First, if you only want to identify fibers that pass through the
lesion mask, you can use the lesion NIfTI as an ROI and filter the
tract file:
dsi_studio --action=ana \
--source=subject.fib.gz \
--tract=bundle.trk.gz \
--roi=wm_lesion.nii.gz \
--output=bundle_overlap_lesion.tt.gz
This will save the portion of the tract file that overlaps/passes
through the lesion ROI. DSI Studio’s ana command supports existing
tract files, ROI filtering, and .trk.gz/.tt.gz tract input. (DSI
Studio Documentation)
If you have multiple lesion masks or an integer-labeled lesion map,
you can also compute a tract-to-region matrix:
dsi_studio --action=ana \
--source=subject.fib.gz \
--tract=bundle1.trk.gz,bundle2.trk.gz,bundle3.trk.gz \
--connectivity=lesion_labels.nii.gz
By default, the connectivity uses pass, meaning it counts tracts
passing through each region; --connectivity_type=end is only for
endpoint-based connectivity. (DSI Studio Documentation)

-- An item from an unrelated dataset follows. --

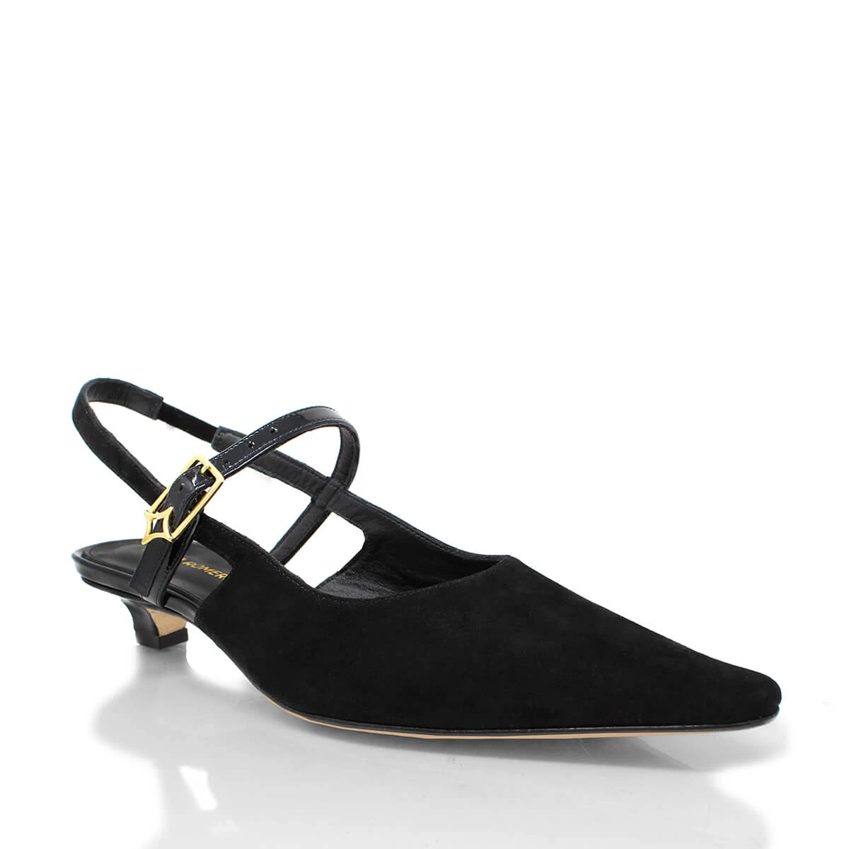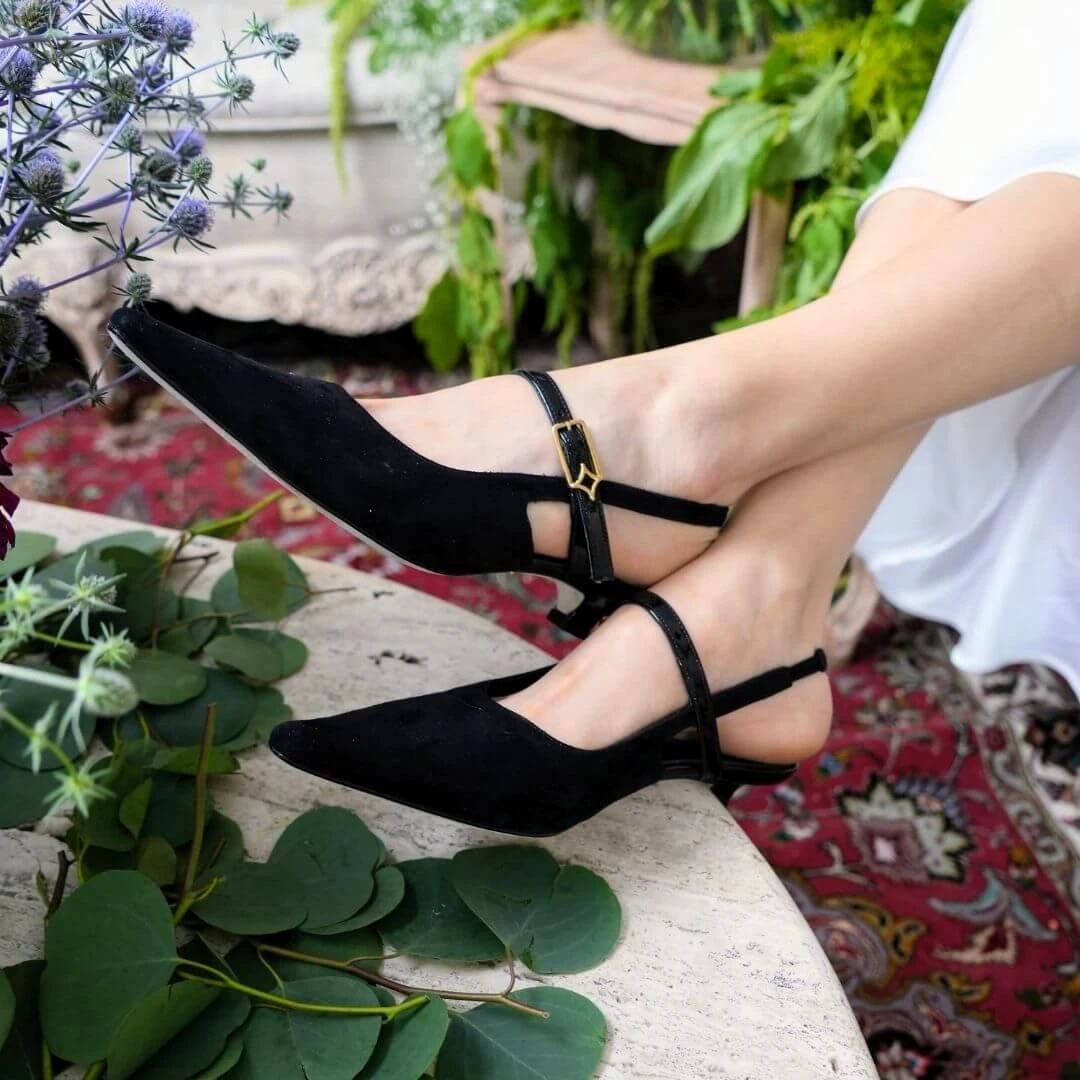 Vanina es una zapatilla que combina ligereza y distinción en una silueta destalonada, realzada por una correa fina que asegura el pie con discreción. La armonía entre el brillo pulido del charol y la textura suave del ante —o de la piel mate— aporta profundidad visual y un carácter refinado, sin excesos.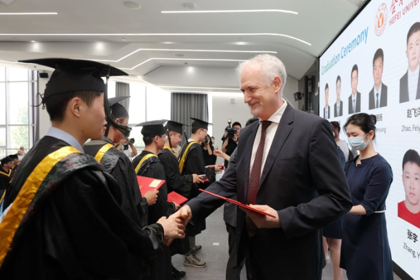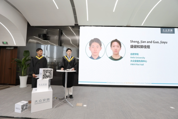 The morning of June 16 sees the graduation ceremony at Volkswagen Anhui of the first batch of “Seed Engineers” jointly trained by HFU and Volkswagen Group China. Wu Chunmei, HFU President, attends the ceremony together with Mr. Jens Pfitzinger, Volkswagen Group Executive Vice-president and Dr. Gabardi, CEO of Volkswagen Anhui.

For a Dice coefficient, DSI Studio does not directly output a Dice
matrix. The practical way is to convert each tract bundle into a
binary NIfTI mask, then compute Dice between each tract mask and each
lesion mask:
dsi_studio --action=ana \
--source=subject.fib.gz \
--tract=bundle1.trk.gz \
--output=bundle1_mask.nii.gz \
--ref=wm_lesion.nii.gz
Then compute:
import nibabel as nib, numpy as np, pandas as pd, glob, os
tracts = sorted(glob.glob("tract_masks/*.nii.gz"))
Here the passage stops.